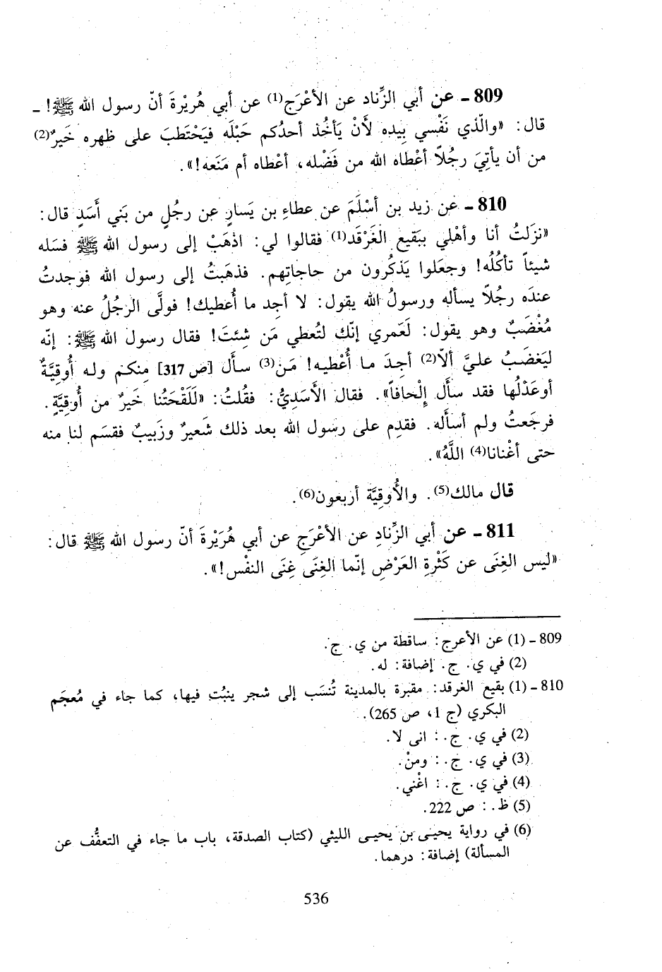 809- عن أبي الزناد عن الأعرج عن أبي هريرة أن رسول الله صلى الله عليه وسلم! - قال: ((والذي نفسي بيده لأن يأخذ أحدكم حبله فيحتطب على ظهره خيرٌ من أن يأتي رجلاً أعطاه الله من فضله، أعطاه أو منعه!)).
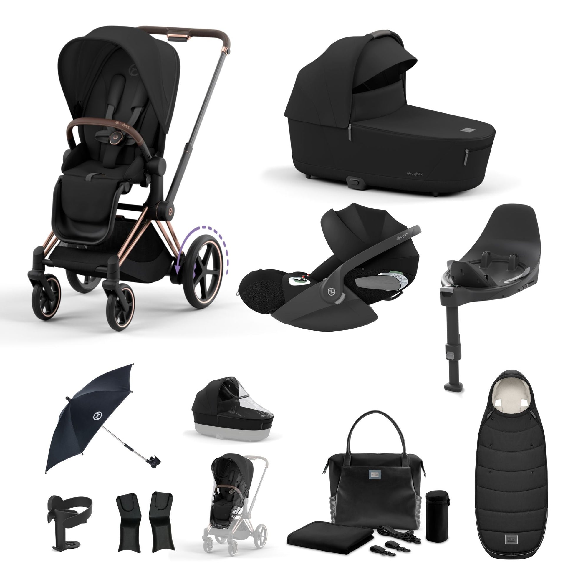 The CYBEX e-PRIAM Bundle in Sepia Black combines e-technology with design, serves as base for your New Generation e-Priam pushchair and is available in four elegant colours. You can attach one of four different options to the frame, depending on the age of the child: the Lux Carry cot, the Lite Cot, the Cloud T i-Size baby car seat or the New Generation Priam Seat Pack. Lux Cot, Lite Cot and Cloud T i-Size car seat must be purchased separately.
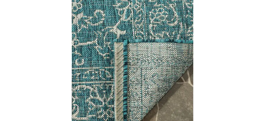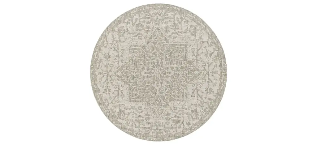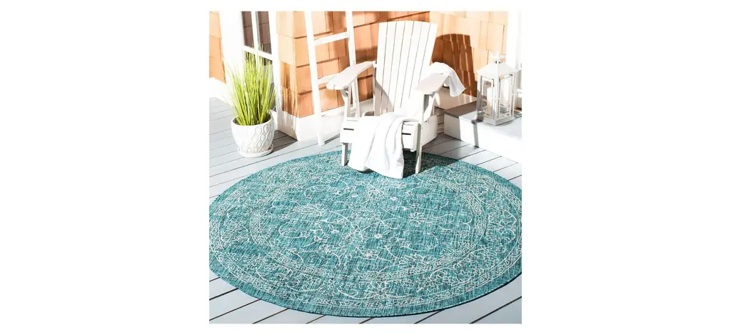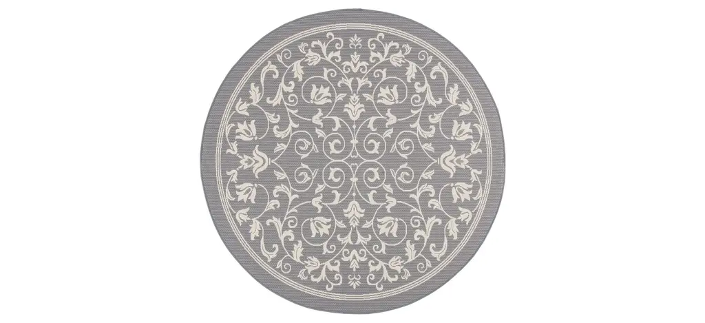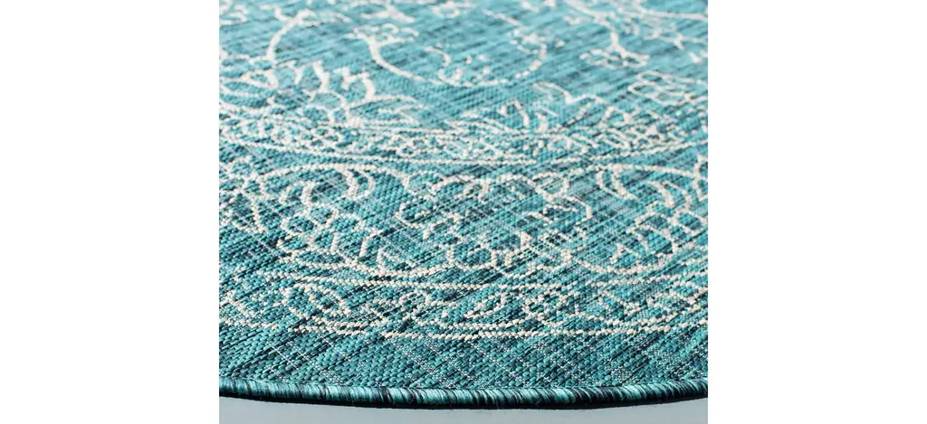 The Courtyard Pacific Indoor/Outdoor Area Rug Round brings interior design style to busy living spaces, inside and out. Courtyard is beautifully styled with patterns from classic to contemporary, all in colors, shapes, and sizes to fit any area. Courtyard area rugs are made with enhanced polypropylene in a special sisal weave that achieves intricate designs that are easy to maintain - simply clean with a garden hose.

---

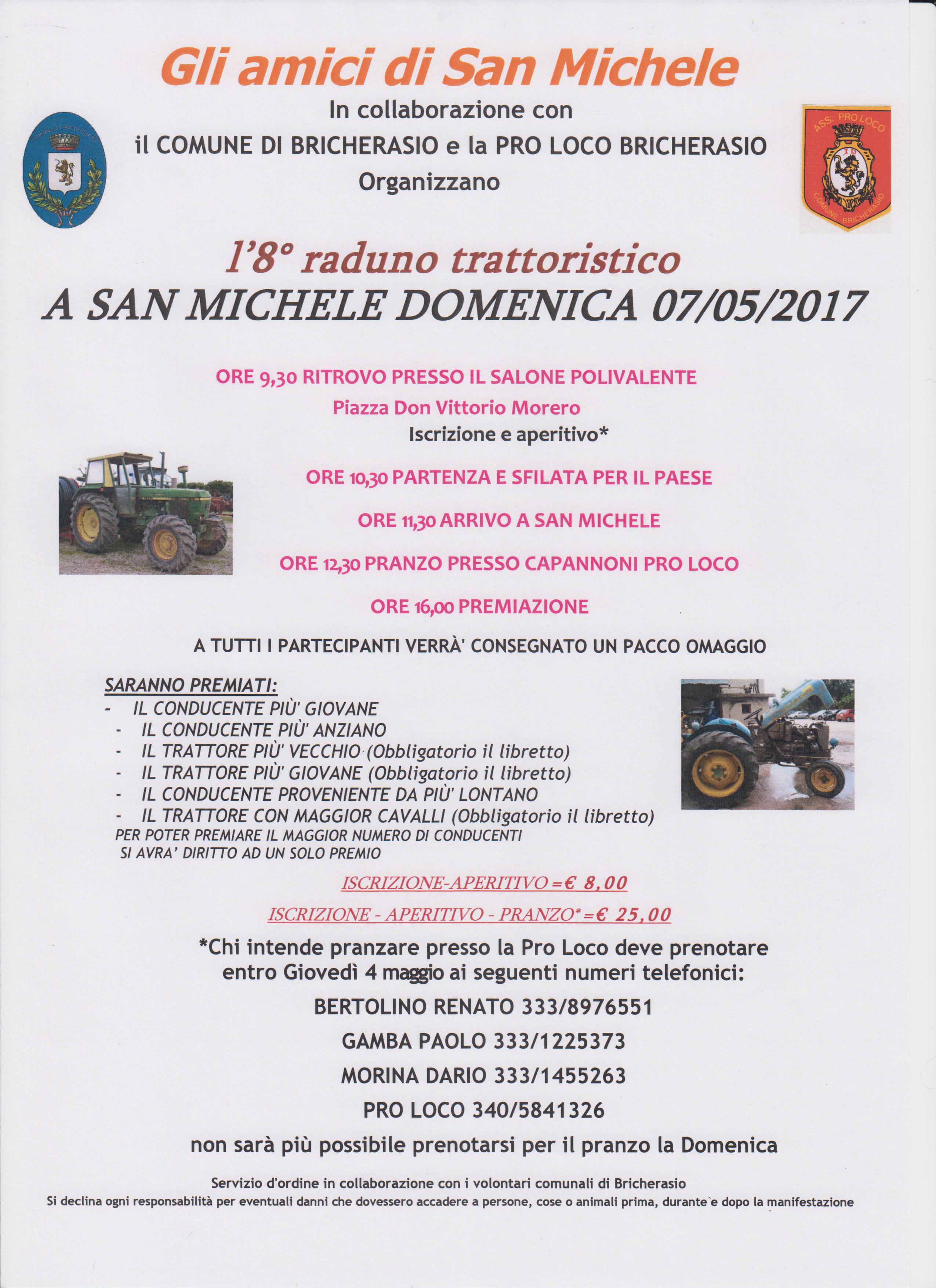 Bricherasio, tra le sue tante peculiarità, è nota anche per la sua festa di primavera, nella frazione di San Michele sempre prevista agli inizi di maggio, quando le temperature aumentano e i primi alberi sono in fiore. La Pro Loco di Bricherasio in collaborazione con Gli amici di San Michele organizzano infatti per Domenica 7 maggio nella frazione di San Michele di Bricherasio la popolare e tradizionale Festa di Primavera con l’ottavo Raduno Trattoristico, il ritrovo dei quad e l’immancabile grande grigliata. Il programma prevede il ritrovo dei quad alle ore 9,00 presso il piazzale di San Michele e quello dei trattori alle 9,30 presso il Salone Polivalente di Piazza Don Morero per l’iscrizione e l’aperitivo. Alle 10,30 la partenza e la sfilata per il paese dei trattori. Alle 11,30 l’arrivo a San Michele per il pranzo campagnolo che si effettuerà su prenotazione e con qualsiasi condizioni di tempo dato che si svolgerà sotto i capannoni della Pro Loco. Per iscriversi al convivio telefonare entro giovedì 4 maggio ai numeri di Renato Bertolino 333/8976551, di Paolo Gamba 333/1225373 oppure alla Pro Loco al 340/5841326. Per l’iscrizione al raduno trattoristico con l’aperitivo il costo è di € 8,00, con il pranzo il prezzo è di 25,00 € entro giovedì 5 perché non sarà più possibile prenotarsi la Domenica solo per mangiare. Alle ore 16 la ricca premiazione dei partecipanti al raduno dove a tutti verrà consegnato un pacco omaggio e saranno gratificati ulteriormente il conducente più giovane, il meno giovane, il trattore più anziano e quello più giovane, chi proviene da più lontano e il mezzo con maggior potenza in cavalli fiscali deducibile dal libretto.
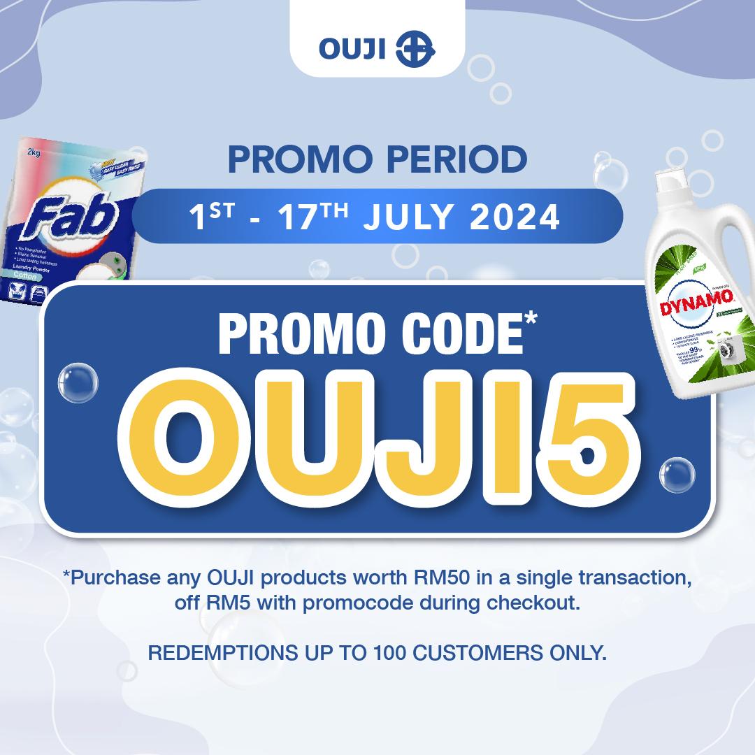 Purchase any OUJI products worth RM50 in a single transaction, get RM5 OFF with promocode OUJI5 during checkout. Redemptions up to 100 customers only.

**What to work on**
Output exactly the stretch of the listing that begins at the line containing "809- عن أبي" and ends at the line containing "The Courtyard Pacific", both kept. Omit pictures and everything else.

**Answer to this exercise**
 809- عن أبي الزناد عن الأعرج عن أبي هريرة أن رسول الله صلى الله عليه وسلم! - قال: ((والذي نفسي بيده لأن يأخذ أحدكم حبله فيحتطب على ظهره خيرٌ من أن يأتي رجلاً أعطاه الله من فضله، أعطاه أو منعه!)).
 The CYBEX e-PRIAM Bundle in Sepia Black combines e-technology with design, serves as base for your New Generation e-Priam pushchair and is available in four elegant colours. You can attach one of four different options to the frame, depending on the age of the child: the Lux Carry cot, the Lite Cot, the Cloud T i-Size baby car seat or the New Generation Priam Seat Pack. Lux Cot, Lite Cot and Cloud T i-Size car seat must be purchased separately.
 The Courtyard Pacific Indoor/Outdoor Area Rug Round brings interior design style to busy living spaces, inside and out. Courtyard is beautifully styled with patterns from classic to contemporary, all in colors, shapes, and sizes to fit any area. Courtyard area rugs are made with enhanced polypropylene in a special sisal weave that achieves intricate designs that are easy to maintain - simply clean with a garden hose.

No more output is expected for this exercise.